Tyler Durden's Photo
by Tyler Durden
Friday, Feb 23, 2024 - 02:05 PM

Reddit, the community-focused message board site with tens of millions of daily users, filed an S-1 form with the Securities and Exchange Commission on Thursday afternoon. 

The unprofitable 20-year-old social media company first filed confidentially for an IPO in the second half of 2021 but missed its shot at going public. Now, Bloomberg reports Reddit could debut on the New York Stock Exchange as soon as March. 

The S-1 filing disclosed Reddit's financial performance ahead of going public. It has 73 million daily users and over 100,000 active communities. Revenues jumped 21% last year to $804 million as the social media company continued to hemorrhage cash, losing $158.6 million in 2022 and $90.8 million in 2023.

Bloomberg previously reported Reddit has been advised to seek a valuation of at least $5 billion in an IPO. That is of the $10 billion valuation the company fetched in a private funding round in 2021. 

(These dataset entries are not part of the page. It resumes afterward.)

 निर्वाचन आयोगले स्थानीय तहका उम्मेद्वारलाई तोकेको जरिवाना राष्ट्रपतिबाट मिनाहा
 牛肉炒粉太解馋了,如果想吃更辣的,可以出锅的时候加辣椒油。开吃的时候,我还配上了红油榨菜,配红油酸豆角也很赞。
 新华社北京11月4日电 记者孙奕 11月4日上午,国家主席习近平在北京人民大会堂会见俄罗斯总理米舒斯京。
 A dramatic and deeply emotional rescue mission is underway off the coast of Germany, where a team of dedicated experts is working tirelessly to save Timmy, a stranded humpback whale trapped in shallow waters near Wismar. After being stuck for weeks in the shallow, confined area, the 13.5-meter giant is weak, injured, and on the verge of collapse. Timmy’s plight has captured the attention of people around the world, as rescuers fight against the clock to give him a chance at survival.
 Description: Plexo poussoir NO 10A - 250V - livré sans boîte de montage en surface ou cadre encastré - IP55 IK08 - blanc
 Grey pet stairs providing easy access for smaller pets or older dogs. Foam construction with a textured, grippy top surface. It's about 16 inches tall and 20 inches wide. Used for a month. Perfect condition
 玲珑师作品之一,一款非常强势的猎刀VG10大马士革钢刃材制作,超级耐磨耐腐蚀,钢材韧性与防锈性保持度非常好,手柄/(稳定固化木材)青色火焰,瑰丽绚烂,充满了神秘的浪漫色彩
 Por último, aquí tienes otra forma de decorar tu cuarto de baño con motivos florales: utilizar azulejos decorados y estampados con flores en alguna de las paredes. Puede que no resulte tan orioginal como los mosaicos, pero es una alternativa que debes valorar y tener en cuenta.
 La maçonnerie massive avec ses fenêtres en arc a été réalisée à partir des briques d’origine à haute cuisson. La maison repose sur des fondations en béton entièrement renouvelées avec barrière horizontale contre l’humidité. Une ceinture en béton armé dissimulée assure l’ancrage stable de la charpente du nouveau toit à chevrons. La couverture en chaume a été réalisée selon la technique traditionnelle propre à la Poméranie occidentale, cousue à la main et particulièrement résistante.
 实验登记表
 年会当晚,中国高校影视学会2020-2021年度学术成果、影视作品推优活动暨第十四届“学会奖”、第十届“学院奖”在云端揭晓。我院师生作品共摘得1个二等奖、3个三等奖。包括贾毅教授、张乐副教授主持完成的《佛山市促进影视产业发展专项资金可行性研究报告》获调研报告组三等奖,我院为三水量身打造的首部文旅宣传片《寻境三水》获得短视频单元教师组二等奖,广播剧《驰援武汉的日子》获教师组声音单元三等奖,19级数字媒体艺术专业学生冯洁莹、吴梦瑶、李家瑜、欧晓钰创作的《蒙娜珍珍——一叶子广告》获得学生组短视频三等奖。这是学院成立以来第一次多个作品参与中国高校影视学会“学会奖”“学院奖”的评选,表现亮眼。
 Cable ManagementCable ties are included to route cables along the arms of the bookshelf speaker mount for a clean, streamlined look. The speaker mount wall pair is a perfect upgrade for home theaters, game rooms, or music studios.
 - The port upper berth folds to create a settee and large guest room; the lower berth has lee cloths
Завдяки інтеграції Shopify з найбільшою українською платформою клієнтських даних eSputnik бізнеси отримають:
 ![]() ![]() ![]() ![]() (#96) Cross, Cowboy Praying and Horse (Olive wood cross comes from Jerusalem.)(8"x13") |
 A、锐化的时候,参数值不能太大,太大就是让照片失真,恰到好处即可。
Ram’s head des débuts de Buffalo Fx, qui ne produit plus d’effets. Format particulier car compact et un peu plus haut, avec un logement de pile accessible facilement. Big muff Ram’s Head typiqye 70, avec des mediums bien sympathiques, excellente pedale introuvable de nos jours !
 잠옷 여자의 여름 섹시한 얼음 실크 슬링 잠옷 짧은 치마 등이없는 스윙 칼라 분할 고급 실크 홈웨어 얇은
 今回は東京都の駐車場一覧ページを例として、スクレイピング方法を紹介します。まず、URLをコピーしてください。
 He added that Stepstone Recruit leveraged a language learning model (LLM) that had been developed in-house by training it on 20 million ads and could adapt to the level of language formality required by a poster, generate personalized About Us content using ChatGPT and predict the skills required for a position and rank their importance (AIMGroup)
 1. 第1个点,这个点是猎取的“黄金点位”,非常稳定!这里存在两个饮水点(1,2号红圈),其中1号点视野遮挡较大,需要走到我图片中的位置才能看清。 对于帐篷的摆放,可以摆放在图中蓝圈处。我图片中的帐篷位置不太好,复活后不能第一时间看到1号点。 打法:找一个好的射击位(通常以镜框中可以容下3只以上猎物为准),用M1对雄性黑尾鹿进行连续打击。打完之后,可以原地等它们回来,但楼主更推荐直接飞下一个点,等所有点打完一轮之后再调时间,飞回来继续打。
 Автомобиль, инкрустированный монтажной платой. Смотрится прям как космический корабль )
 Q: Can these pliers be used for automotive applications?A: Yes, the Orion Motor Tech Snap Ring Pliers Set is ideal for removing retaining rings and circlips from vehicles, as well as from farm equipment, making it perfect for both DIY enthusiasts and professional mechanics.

The S-1 filing also revealed the company appears to be riding the AI bubble:

"We believe our growing platform data will be a key element in the training of leading large language models ("LLMs") and serve as an additional monetization channel for Reddit." 

The filing showed OpenAI CEO Sam Altman owns an 8.7% stake, making him the third-largest shareholder. 

Ahead of the filing, Reuters reported Reddit signed a deal with Google to make its content available for training the search engine AI models. 

Timing the IPO in the midst of an AI bubble is risky business. 

"We are going public to advance our mission and become a stronger company," Reddit's chief executive and co-founder, Steve Huffman, wrote in the filing.